Positioning of the figure-of-eight coil for assessing the resting motor threshold of the paraspinal muscle at the level of the 10th thoracic vertebra

Physiotherapy was conducted immediately after TsMS in another 12 sessions (10 sessions were held daily for five times a week [induction phase], and two sessions were performed with a 48-hours interval between them [maintenance phase]). The protocol and main goals of the physiotherapy were the same as those of the initial plan of rehabilitation.

Outcomes

Except for the ISNCSCI grading, all evaluations were performed at the baseline (T-1), before starting TsMS (T0), and immediately after the completion of the 12th TsMS session (T1). The outcome measures were chosen based on the body structure, body function, and activity domains of the International Classification of Functioning, Disability, and Health (ICF) framework.
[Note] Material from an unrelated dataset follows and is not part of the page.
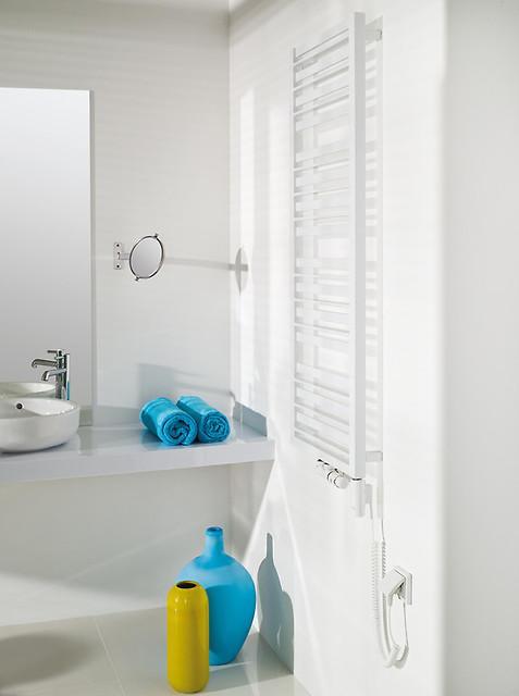Grzejnik, w zależności od koloru i kształtu, może dyskretnie wtopić się w aranżację łazienki lub przeciwnie, wyróżniać się, stanowiąc wyrazisty akcent na tle ściany. Przykładem może być CODE firmy Instal-Projekt, który charakteryzuje się ciekawym designem i bogatą kolorystyką. Jego największe atuty to innowacyjność, unikalne wzornictwo, geometryczna, ponadczasowa forma, możliwość doboru dedykowanych akcesoriów, a także dyskretny odpowietrznik. CODE, wykonany z wyselekcjonowanej stali precyzyjnej, to grzejnik drabinkowy, którego prostokątne profile ułożone zostały naprzemiennie w pionie i poziomie, tworząc przestrzenną formę i wrażenie optycznej głębi. Ponieważ niezwykle istotną rolę we wnętrzu pełni kolor, umożliwiono wybór barwy spośród 37 odcieni dostępnych w palecie Instal-Projekt. Aby grzejnik subtelnie wpisywał się w kolorystykę, powinniśmy dobrać kolor w odcieniu mebli, kafelków lub ścian. Inną opcją jest wybranie barwy kontrastującej z resztą wyposażenia. Jest to z pewnością rozwiązanie przynoszące nietuzinkowy efekt. Możliwość zmiany koloru zaworu lub głowicy również pozwoli zrealizować ciekawe koncepty aranżacyjne i zachować stylistyczną spójność. Warto także wspomnieć o doskonałych parametrach technicznych, które decydują o funkcjonalności grzejnika. CODE ma możliwość podłączenia dolnego (365-565 mm) z opcjonalnym podłączeniem dolnym o rozstawie 50 mm na środku lub podłączeniem bocznym B 500. Co więcej, dostępne szerokości 400, 500, 600 mm oraz wysokości od 610 do 1630 mm pozwalają na zainstalowanie grzejnika odpowiedniego do wielkości łazienki. Dedykowane akcesoria – grzałki elektryczne HOT2 (300W/600W/900W), wieszak HS3 oraz zawory (m. in. zawór termostatyczny kątowy, zawór łazienkowy osiowy, zawór zespolony DUO-PLEX kątowy, VHX-DUO), pozwalające na ekonomiczną i funkcjonalną pracę sprawiają, że model ten spełni oczekiwania najbardziej wymagających użytkowników.

The activity was assessed using the WISCI II scale for walking independence. The WISCI II scale assesses the extent of physical assistance and devices required for walking following paralysis that results from SCI. There are 20 levels of assessment; higher levels indicate more independent mobility [13], and a change of one WISCI level can be considered a substantial difference in the clinical context (minimal detectable change [MDC]) [6]. At baseline, the patient had a WISCI II score of 16 (ambulation with two crutches with no braces and physical assistance), and the score remained the same during the initial rehabilitation period. The WISCI II score changed only after initiating TsMS treatment, reaching the maximum level (20; ambulation with no device, braces, and physical assistance). The patient achieved four times the MDC in the WISCI II scale assessment (Fig. 2, Table 2).

Fig. 2
figure 2

Graphical representation of quantitative assessment before and after 12 sessions of repetitive trans-spinal magnetic stimulation combined with physical therapy. Mini-BEST: short version of the Balance Evaluation Systems test; WISCI II: Walking Index for Spinal Cord Injury scale; TUG: timed get up and go test, before TsMS represent the “T0: before starting TsMS”, after TsMS represent the “T1: after TsMS”; % Change: [(value after TsMS − value before TsMS)/value before TsMS] × 100; TsMS: trans-spinal magnetic stimulation

Table 2 Quantitative assessment before and after 12 sessions of repetitive trans-spinal spinal magnetic stimulation combined with physical therapy

In addition, the activity was assessed using the timed get up and go (TUG) test [41] for functional mobility. The TUG test requires the patient to get up from a chair, walk a distance of 3 m, turn around, and return to the chair. During this activity, the time is measured, and a shorter time indicates better functional mobility [41]. The MDC is 10.8 s or a reduction of 30% [29]. The time required by the patient to perform the TUG test was reduced by 18% after TsMS. Although the MDC was not attained, a substantial reduction was possible after TsMS (Fig. 2, Table 2).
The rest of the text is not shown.